BUTLER, Pa. – In the shadow of the county’s civil war memorial, 2,000 steelworkers, their families and supporters, rallied Veterans Day demanding an end to AKSteel Corporation’s firing, harassment and unsafe working conditions.

The Butler Armco Independent Union (BAIU), representing 1,700 workers at the mill, organized the rally as the first step in a campaign to bring deteriorating conditions in the mill to the public’s attention. Founded in 1933, the BAIU is not affiliated with the United Steelworkers of America, nor any other national union, but has been working with the Butler County AFL-CIO.

Three years ago, Armco and Kawasaki steel corporations merged to form AKSteel. The first act of the new management was to lock out 650 steelworkers, members of USWA Local 169, in Mansfield, Ohio, bring in scabs, sue the USWA, conduct a mass media propaganda campaign, and try to break the union. Members of Local 169 are still on the picket lines, fighting back. They had had a contract with Armco for decades.

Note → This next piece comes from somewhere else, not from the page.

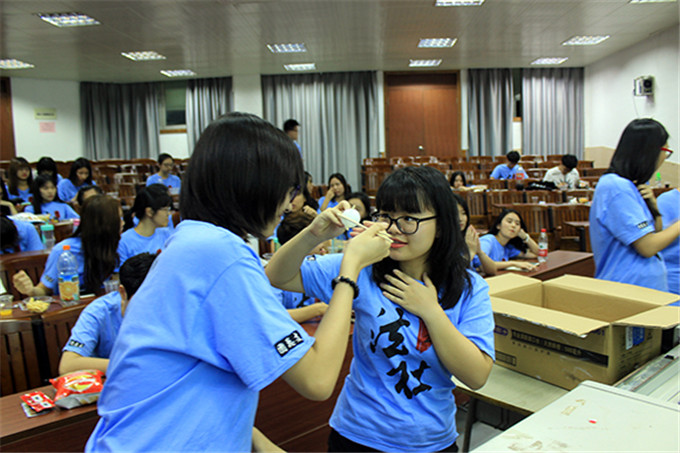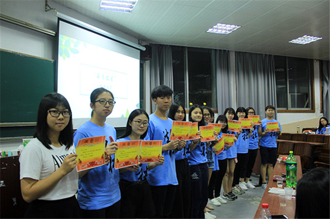 首先是“我想对你说”环节,各部门部长随机抽取一位小干事匿名写的信并读出来,满满的都是回忆与感动。接下来是副书记袁铸峰与秘书长赖丽旋的发言时间。他们都表达出了对最后一次例会的感慨,团总支一步步在成长,并且通过分享自己的经历与感受来勉励小干事勇敢地去面对不久的换届面试,考验自己的成果。终于激动人心的“游戏环节”来了。“夹乒乓球”充分体现各部门小干事的默契,“听音乐抢娃娃猜副部长名字”也引得全场笑声不断。当然少不了惩罚环节,外联部小干事的丑照五连拍更是引人发笑。在奖励环节中,宣传部、组织部、外联部砸金蛋,获得各自的“神秘”礼物。欢笑过后的“视频回顾”环节勾起了每个人的温馨愉悦的回忆。在这之后便来到“每月之星”颁奖环节,秘书长赖丽旋与常务副书记袁铸峰为各部门获得“每月之星”的干事颁奖并与他们合照留念。然后,团总支全体人员齐唱《最美的太阳》。

Since the 1999 merger, 60 workers at the Butler mill have been fired. In the 39 years Armco owned the mill, BAIU President Jim Gallagher told the rally, a total of 69 steelworkers were fired. In four decades, Armco suspended 124 steelworkers, but in just 36 months, AK suspended 224 workers.

Then, on Oct. 29, Keith Eckenrode, 42, a veteran steelworker, was killed when the machine he was cleaning moved crushed him. Workers stilled for a moment of silence.

Gallagher added that labor management cooperation dominated labor relations for two generations. ‘We have never had a strike,’ he told his co-workers and neighbors. ‘We’ve never engaged in an act of violence, in sabotage or a work slowdown … We want the highest possible wages, benefits and pensions, we understand the need to remain competitive.’

‘Armco was an opponent but never the enemy,’ Jack Murtagh, union lawyer who has negotiated contracts with Armco for 25 years said, ‘With AKSteel we don’t have an opponent, we have an enemy … and it has laid siege to the entire community.’

The ‘siege’ is not just on the mill floor. Two years ago, the Environmental Protection Agency fined AK for dumping toxic waste into the drinking water. Drinking water was so contaminated that residents of nearby Zelienople and other small farming communities could not turn on their spigots or water their livestock in ponds on their property.

Butler County Commissioner Glenn Anderson announced to the rally that he has offered to mediate with AK, ‘Nobody should have to go to work worried about losing a job from one day to another. It makes a bad work environment and a it hurts the family environment.’